The city also has a plastic recycling unit of 20-tonne capacity that converts plastic into granules and LD bags, primarily for biomedical waste collection. On average, it recycles 17 tonnes of plastic daily, with 5 tonnes turned into bags and the rest into granules for plastic moulding units.

No check, Chennai’s recycle bin is choking

Hundreds of tonnes of plastic waste in Chennai ends up in landfills because most households do not segregate their waste. Greater Chennai Corporation’s (GCC) own data shows only 38% of the waste is segregated.

This is partly because residents are not penalised for not segregating waste. But the civic agencies are equally to blame as they mix all the waste collected from doorsteps. They also do not have infrastructure for second-tier segregation.

As a result, it is not clear how much of Chennai’s 5,200 tonnes of daily waste is plastic, although bio-mining of waste at the landfills suggests the figure is around 7%. GCC processes 400 tonnes of plastic every week at its incineration plants in Manali and Kodungaiyur, and at its material recovery facilities.

At Chennai’s two mega-landfills, TOI saw dumpers unloading on the already mountain-like heaps. Bags, covers, wrappers and hard boxes made up most of the plastic waste.

Geo Damin, a solid waste management (SWM) expert who was part of Tamil Nadu’s SWM committee, said landfills cannot be eliminated because non-recyclable waste, such as sachets, has nowhere else to go.

“The Union government has given guidelines on what should enter landfills and what shouldn’t. But we are not following this,” Damin said, adding, “most of the plastic, including shampoo bottles and detergent containers, can be segregated and reused”. However, multilayer juice and milk cartons are currently impossible to recycle because they have alternating layers of aluminium and paper. 

What is the way out? Damin suggested giving incentives to the waste collectors at landfills. Environmental scientist Darwin Annadurai said changing public behaviour is crucial. “People are too lazy to use alternatives like cotton bags. The market is also filled with items packaged in plastic.
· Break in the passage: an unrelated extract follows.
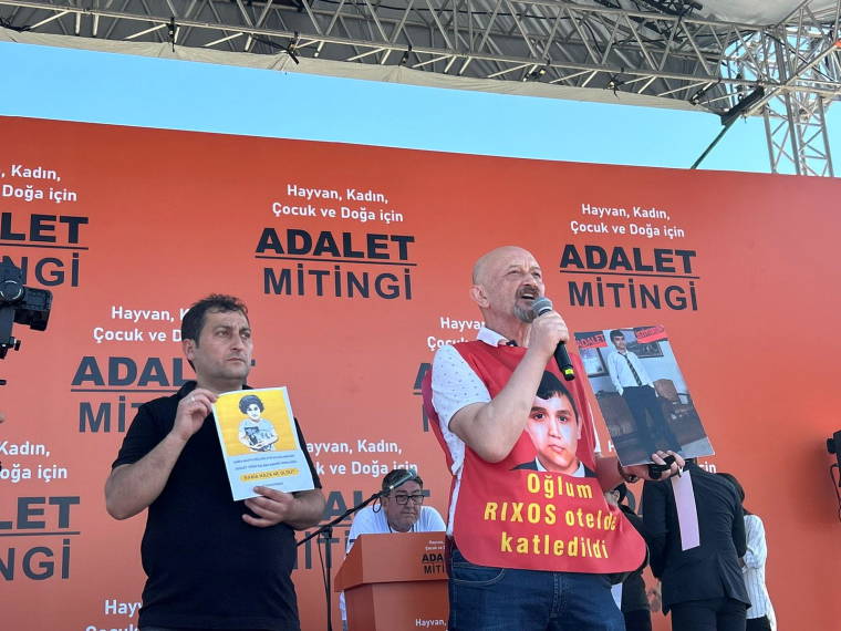 Mitingde Rixos Otel’de 2011 yılında staj yaparken şüpheli şekilde hayatını kaybeden 16 yaşındaki Burak Oğraş’ın babası Murat Oğraş ve Giresun’un Eynesil ilçesinde 6 yıl önce şüpheli biçimde hayatını kaybeden 11 yaşındaki Rabia Naz’ın babası Şaban Vatan da söz alarak adalet çağrısında bulundu.
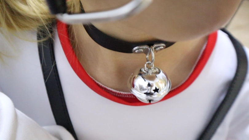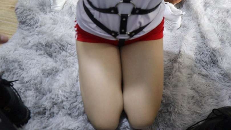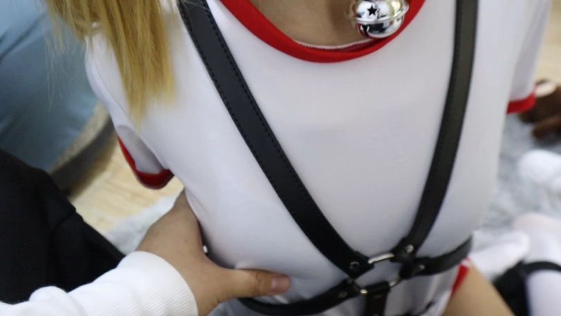 全身绑上拘束带,脖子戴项圈,

If we carry containers and use our own cotton bags, we can restrict plastic use to some extent.” Thereafter, segregating waste at home will reduce the plastic going to landfills.

For now, GCC is getting rid of plastic waste by supplying it to cement plants. Its chief engineer for solid waste management, N Mahesan, said they shred about 400 tonnes of plastic every week and will increase it to 500 tonnes soon.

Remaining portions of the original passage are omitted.